Art is a necessity not a luxury.
When Anthony Gormley’s Angel of the North was installed in 1998, there was huge resistance to the sculpture and many people didn’t want it. The area was going through a period of massive change at the time, the ship building industry had closed and mining was in decline, unemployment was rife. There would have been many worried families with lost incomes, communities tearing apart as people left in search of work and without a doubt, depression would have played a part. The future would have looked bleak and uncertain, not dissimilar to the current times we are living in with Brexit, terrorism and the rise of politically unstable movements in the US and around the world. Art is usually the last consideration on most people’s minds during times like these. Certainly, when the 20-meter tall sculpture with a wing span of 54 meters was installed on Birtley hill in Gateshead in February, most people in the area said the £800,000 of predominantly lottery money could have been better spent elsewhere.
The steel from which the angel is made symbolises both the mining and the ship building industrial past of the area and the form, the angel itself, is associated with protection and hope.

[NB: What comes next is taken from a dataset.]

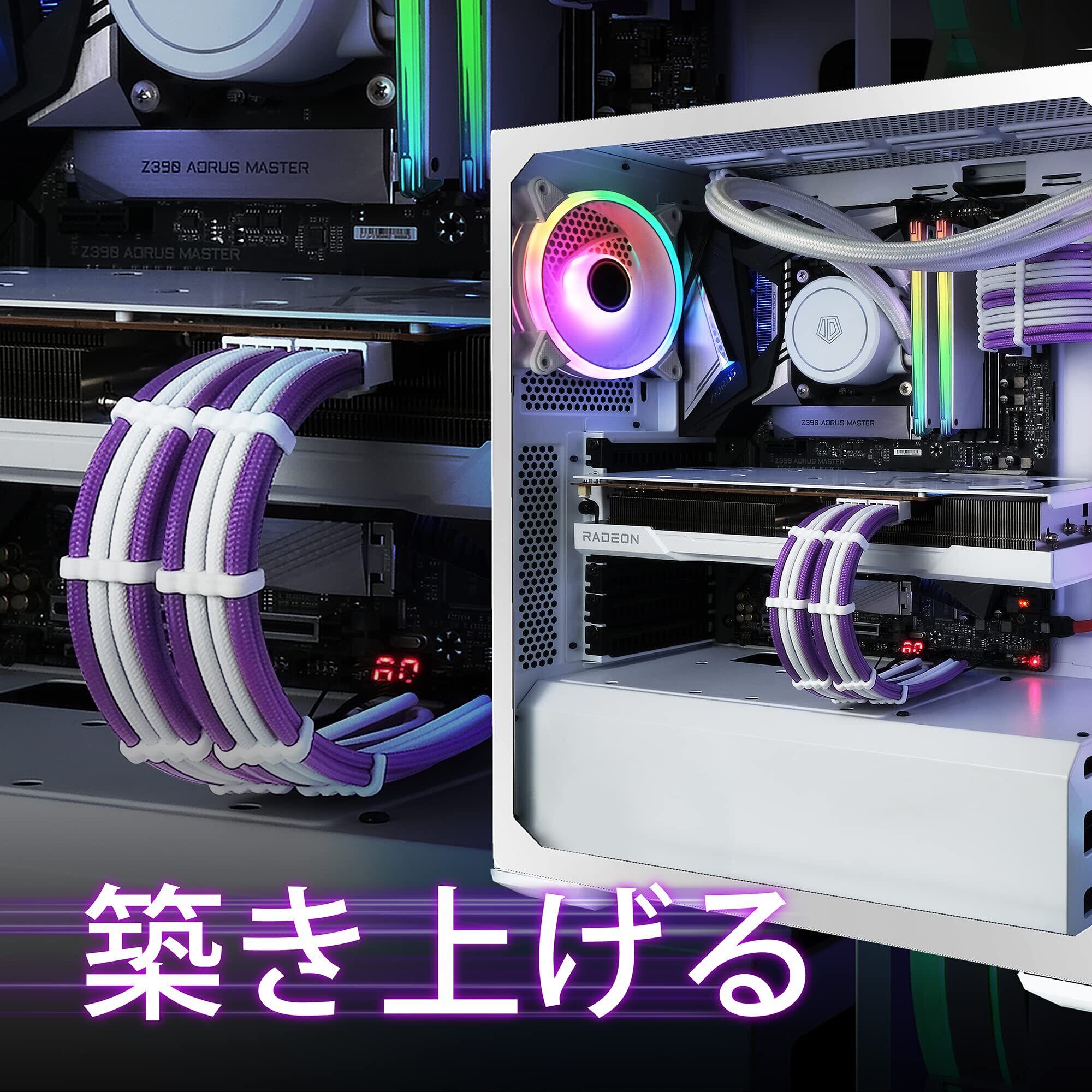 - **美しいスリーブ**: 白と紫のスリーブが施されており、見た目にもこだわったデザインを実現。おしゃれな内部配線で、PCケースのインテリアを引き立てます。

When Newcastle United fans put an oversized Alan Shearer football shirt on the statue in May the following year, the simple act of apparent ‘vandalism’ was in fact an act of acceptance. Now, almost 20 years later, it is considered a landmark of the north; a symbol of home, of comfort and security and beyond that, of hope, not only for Tyne and Wear but for people and communities all over the world. Councillor Jonathan Wallace, who was vehemently opposed to the Angel’s installation back in 1998, now admits that it is part of the North’s identity and pledged his support and protection of the sculpture should it ever be threatened. These are the sentiments of a man protecting his family and embody fundamental keystone principles of our culture both past and present. Is this what the Angel of the North stands for now? A benevolent witness to the past, the present and the future, a symbol of our flawed existence and perhaps the continuity of life itself.
Art doesn’t need to be beautiful to be important. In any case, what is beauty other than an idea? Allowing ourselves to find that is so important, especially when it is shared. Art is that sharing and reminds us that we are not alone, that we are part of something greater.